> **TASK ITEM**
The entries are to be written out word for word, with their images left out.

[Collection entries]
..............................

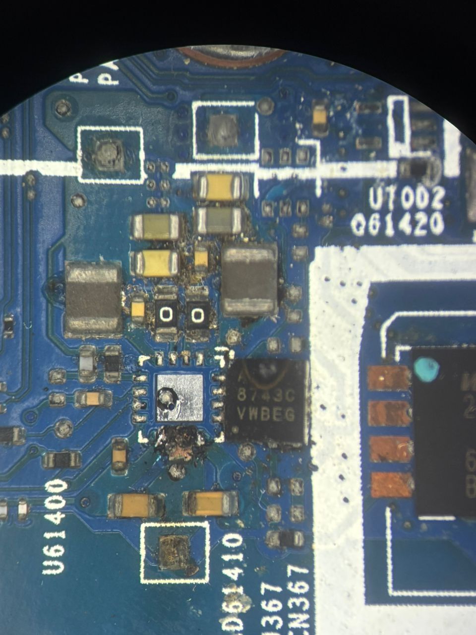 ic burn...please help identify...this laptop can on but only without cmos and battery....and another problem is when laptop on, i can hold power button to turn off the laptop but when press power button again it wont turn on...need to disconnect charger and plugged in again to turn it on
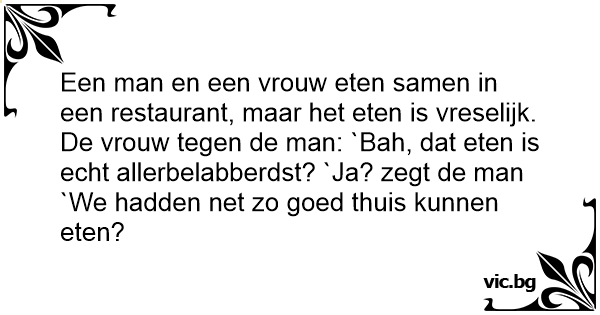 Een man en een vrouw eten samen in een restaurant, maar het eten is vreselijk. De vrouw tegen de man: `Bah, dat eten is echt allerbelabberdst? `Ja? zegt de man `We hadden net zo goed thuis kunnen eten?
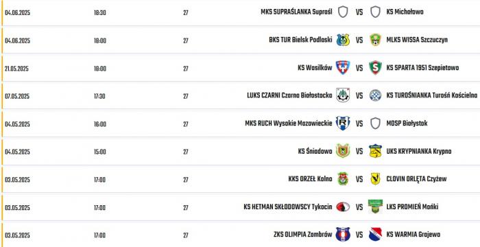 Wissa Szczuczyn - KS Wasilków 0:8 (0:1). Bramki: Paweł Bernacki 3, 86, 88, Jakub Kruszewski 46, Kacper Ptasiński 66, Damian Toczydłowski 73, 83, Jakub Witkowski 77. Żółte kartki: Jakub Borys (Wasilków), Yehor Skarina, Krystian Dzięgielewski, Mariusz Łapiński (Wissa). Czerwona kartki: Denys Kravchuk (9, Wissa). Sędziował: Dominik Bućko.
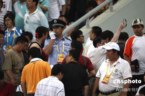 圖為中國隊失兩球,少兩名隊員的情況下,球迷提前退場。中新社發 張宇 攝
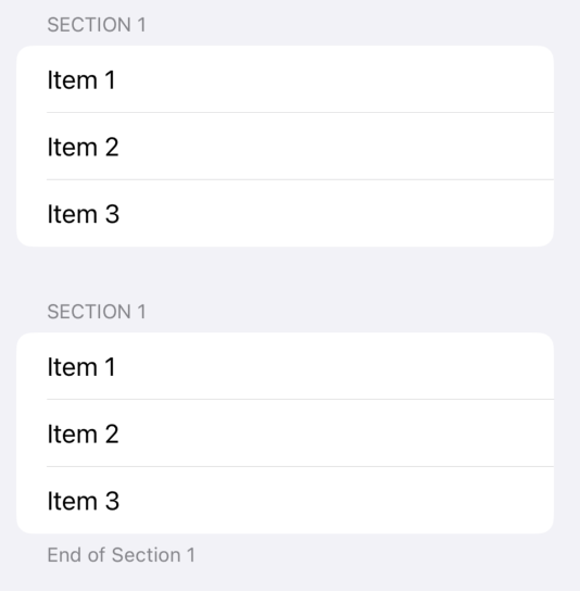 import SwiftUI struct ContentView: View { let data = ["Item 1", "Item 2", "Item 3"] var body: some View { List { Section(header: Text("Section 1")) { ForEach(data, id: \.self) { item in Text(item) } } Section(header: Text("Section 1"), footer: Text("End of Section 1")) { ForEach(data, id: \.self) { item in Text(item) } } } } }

..............................

> **WRITTEN REPLY**
 ic burn...please help identify...this laptop can on but only without cmos and battery....and another problem is when laptop on, i can hold power button to turn off the laptop but when press power button again it wont turn on...need to disconnect charger and plugged in again to turn it on
 Een man en een vrouw eten samen in een restaurant, maar het eten is vreselijk. De vrouw tegen de man: `Bah, dat eten is echt allerbelabberdst? `Ja? zegt de man `We hadden net zo goed thuis kunnen eten?
 Wissa Szczuczyn - KS Wasilków 0:8 (0:1). Bramki: Paweł Bernacki 3, 86, 88, Jakub Kruszewski 46, Kacper Ptasiński 66, Damian Toczydłowski 73, 83, Jakub Witkowski 77. Żółte kartki: Jakub Borys (Wasilków), Yehor Skarina, Krystian Dzięgielewski, Mariusz Łapiński (Wissa). Czerwona kartki: Denys Kravchuk (9, Wissa). Sędziował: Dominik Bućko.
 圖為中國隊失兩球,少兩名隊員的情況下,球迷提前退場。中新社發 張宇 攝
 import SwiftUI struct ContentView: View { let data = ["Item 1", "Item 2", "Item 3"] var body: some View { List { Section(header: Text("Section 1")) { ForEach(data, id: \.self) { item in Text(item) } } Section(header: Text("Section 1"), footer: Text("End of Section 1")) { ForEach(data, id: \.self) { item in Text(item) } } } } }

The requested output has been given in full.